::: Excerpted data

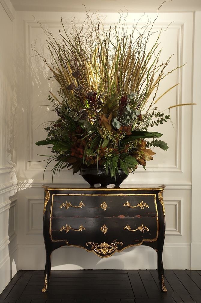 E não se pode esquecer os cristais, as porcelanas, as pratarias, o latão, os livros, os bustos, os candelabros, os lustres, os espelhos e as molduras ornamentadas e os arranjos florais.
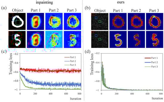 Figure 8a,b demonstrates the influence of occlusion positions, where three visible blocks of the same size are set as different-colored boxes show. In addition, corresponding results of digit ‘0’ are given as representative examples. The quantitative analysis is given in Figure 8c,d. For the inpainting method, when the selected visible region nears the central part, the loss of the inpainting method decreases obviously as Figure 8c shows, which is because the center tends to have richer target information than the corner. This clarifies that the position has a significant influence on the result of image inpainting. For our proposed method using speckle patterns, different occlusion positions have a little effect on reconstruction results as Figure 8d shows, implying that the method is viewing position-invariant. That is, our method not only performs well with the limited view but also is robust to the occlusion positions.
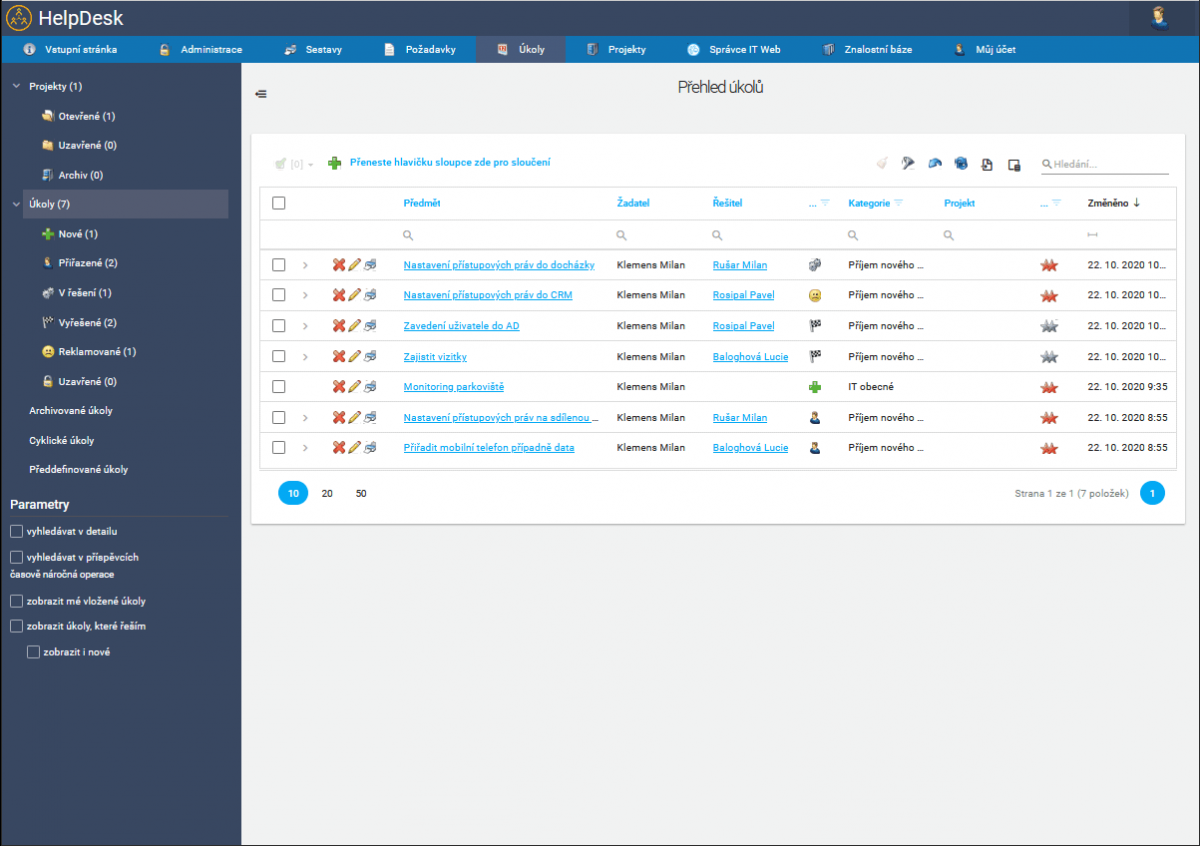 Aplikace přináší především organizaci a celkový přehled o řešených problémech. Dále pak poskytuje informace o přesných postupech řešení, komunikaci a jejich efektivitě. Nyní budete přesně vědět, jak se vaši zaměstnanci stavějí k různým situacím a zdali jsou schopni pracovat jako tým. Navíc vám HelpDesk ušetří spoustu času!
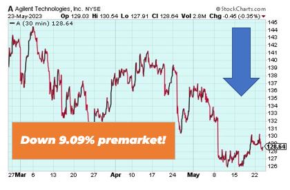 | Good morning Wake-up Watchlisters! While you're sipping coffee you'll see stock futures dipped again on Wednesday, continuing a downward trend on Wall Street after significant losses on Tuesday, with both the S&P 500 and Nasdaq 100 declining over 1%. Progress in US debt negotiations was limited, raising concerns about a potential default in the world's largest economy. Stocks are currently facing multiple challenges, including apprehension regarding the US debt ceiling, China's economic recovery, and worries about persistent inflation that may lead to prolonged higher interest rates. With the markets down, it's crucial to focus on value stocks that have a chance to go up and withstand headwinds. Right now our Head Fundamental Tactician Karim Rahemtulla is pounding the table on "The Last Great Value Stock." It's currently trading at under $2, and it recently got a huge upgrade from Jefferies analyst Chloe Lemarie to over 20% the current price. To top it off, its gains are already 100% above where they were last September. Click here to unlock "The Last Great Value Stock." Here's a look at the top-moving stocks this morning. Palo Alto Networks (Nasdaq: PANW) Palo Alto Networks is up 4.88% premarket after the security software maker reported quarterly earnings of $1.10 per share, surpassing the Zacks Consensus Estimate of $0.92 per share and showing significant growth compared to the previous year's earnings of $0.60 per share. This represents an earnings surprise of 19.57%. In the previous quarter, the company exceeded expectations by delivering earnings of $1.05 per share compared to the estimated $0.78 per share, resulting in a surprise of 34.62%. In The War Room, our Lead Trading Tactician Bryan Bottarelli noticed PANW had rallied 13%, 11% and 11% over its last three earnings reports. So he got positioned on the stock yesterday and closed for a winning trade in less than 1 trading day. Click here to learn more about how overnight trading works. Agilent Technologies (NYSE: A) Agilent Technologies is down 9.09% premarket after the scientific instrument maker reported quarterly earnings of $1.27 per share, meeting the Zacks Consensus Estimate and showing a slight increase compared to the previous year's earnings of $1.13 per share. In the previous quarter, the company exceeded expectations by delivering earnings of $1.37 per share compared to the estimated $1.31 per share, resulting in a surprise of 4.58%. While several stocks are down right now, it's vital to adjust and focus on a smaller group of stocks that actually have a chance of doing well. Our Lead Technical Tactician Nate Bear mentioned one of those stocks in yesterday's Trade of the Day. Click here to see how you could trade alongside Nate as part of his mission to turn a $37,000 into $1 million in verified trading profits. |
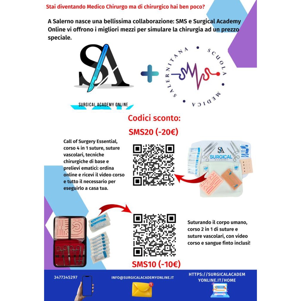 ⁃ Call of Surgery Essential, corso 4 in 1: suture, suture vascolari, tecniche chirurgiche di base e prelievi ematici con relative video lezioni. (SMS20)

::::::
::: Excerpted data

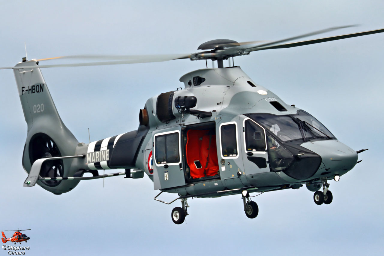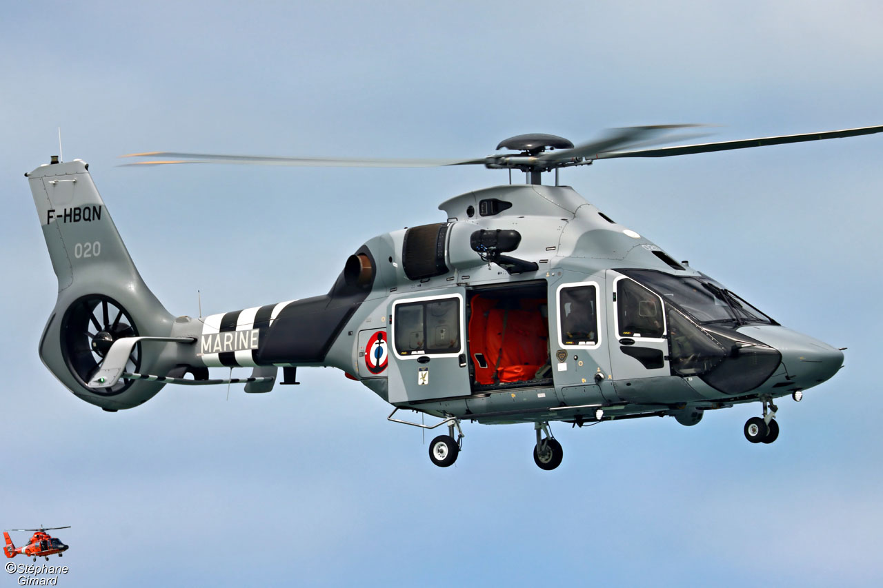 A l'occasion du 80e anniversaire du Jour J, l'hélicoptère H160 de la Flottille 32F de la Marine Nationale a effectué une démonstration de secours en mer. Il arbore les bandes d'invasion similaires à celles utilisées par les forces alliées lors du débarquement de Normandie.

::::::

Activity: Treat the line with "E não se pode" as the start and the line with "Figure 8a,b demonstrates" as the end, and return exactly that span of the data above, both ends included, without pictures.

Answer box:
 E não se pode esquecer os cristais, as porcelanas, as pratarias, o latão, os livros, os bustos, os candelabros, os lustres, os espelhos e as molduras ornamentadas e os arranjos florais.
 Figure 8a,b demonstrates the influence of occlusion positions, where three visible blocks of the same size are set as different-colored boxes show. In addition, corresponding results of digit ‘0’ are given as representative examples. The quantitative analysis is given in Figure 8c,d. For the inpainting method, when the selected visible region nears the central part, the loss of the inpainting method decreases obviously as Figure 8c shows, which is because the center tends to have richer target information than the corner. This clarifies that the position has a significant influence on the result of image inpainting. For our proposed method using speckle patterns, different occlusion positions have a little effect on reconstruction results as Figure 8d shows, implying that the method is viewing position-invariant. That is, our method not only performs well with the limited view but also is robust to the occlusion positions.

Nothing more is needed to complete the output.